Only one portion of the data is to be written out: from the line bearing "black silk bias" through the line bearing "Mexen Rio полукръгла". Write it exactly as it appears.
═════ Extracted information ═════
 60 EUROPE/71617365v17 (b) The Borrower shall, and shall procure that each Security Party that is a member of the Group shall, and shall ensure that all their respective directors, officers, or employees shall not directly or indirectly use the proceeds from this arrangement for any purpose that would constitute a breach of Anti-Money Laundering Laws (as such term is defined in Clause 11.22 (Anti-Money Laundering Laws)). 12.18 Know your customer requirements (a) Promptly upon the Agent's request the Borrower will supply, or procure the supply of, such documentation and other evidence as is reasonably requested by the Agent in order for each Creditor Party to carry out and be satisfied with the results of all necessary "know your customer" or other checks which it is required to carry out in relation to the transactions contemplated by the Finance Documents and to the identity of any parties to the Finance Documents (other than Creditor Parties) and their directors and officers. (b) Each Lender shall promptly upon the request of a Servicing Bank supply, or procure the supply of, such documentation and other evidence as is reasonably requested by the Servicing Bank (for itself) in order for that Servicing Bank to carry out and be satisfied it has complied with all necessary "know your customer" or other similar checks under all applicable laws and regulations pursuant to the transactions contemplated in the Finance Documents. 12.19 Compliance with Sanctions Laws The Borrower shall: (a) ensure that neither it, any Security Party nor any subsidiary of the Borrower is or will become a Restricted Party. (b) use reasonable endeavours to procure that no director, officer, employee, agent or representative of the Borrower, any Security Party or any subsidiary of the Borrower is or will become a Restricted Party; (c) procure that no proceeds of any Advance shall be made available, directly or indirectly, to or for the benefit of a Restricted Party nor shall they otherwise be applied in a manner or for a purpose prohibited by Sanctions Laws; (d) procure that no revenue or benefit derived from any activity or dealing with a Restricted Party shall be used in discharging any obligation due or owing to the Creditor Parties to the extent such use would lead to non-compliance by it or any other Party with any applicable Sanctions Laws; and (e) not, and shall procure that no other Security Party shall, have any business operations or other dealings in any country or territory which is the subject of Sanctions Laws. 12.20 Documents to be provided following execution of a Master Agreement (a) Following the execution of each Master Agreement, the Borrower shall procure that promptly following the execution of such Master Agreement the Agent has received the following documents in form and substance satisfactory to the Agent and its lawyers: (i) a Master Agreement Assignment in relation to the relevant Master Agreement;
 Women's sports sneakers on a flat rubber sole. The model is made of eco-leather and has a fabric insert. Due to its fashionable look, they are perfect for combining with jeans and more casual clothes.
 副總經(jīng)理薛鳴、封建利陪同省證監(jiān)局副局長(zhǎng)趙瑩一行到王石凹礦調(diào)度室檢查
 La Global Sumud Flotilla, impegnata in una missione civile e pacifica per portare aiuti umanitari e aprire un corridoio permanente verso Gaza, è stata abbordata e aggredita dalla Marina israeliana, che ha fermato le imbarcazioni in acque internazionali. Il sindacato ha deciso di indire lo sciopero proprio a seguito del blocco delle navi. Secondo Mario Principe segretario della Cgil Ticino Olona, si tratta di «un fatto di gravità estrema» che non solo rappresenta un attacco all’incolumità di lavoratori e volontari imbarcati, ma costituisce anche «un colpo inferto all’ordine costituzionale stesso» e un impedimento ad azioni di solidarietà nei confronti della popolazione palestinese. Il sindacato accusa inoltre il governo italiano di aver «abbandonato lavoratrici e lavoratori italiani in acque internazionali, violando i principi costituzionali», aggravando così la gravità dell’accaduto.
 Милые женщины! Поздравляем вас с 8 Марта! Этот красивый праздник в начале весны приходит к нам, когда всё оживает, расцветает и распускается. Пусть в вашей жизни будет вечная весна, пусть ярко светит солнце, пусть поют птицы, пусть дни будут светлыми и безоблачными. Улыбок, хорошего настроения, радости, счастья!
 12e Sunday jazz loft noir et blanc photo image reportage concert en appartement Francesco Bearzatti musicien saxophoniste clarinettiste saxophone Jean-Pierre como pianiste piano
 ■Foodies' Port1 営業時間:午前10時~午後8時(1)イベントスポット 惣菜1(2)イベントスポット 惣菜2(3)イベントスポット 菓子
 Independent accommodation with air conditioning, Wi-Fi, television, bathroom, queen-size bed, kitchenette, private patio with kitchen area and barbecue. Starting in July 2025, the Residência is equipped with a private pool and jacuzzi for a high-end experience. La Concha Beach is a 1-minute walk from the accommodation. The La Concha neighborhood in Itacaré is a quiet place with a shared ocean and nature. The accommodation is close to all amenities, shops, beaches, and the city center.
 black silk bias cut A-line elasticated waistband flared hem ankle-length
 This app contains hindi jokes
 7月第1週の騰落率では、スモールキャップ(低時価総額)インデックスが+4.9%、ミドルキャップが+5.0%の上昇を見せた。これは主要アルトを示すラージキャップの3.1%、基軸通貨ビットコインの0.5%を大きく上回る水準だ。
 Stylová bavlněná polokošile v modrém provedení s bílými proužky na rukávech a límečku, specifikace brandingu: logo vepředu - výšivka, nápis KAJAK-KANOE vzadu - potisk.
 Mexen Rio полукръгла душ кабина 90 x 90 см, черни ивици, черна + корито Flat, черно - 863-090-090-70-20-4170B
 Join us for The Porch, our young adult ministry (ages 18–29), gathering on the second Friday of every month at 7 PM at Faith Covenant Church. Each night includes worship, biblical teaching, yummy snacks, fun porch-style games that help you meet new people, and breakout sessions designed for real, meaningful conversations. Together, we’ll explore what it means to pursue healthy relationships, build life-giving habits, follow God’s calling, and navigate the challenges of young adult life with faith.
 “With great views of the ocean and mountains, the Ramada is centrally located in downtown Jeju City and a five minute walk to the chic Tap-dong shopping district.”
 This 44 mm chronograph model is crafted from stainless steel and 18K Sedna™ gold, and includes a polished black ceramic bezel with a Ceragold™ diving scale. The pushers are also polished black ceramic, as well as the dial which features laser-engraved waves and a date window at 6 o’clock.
═════
- [Answer to this exercise]
 black silk bias cut A-line elasticated waistband flared hem ankle-length
 This app contains hindi jokes
 7月第1週の騰落率では、スモールキャップ(低時価総額)インデックスが+4.9%、ミドルキャップが+5.0%の上昇を見せた。これは主要アルトを示すラージキャップの3.1%、基軸通貨ビットコインの0.5%を大きく上回る水準だ。
 Stylová bavlněná polokošile v modrém provedení s bílými proužky na rukávech a límečku, specifikace brandingu: logo vepředu - výšivka, nápis KAJAK-KANOE vzadu - potisk.
 Mexen Rio полукръгла душ кабина 90 x 90 см, черни ивици, черна + корито Flat, черно - 863-090-090-70-20-4170B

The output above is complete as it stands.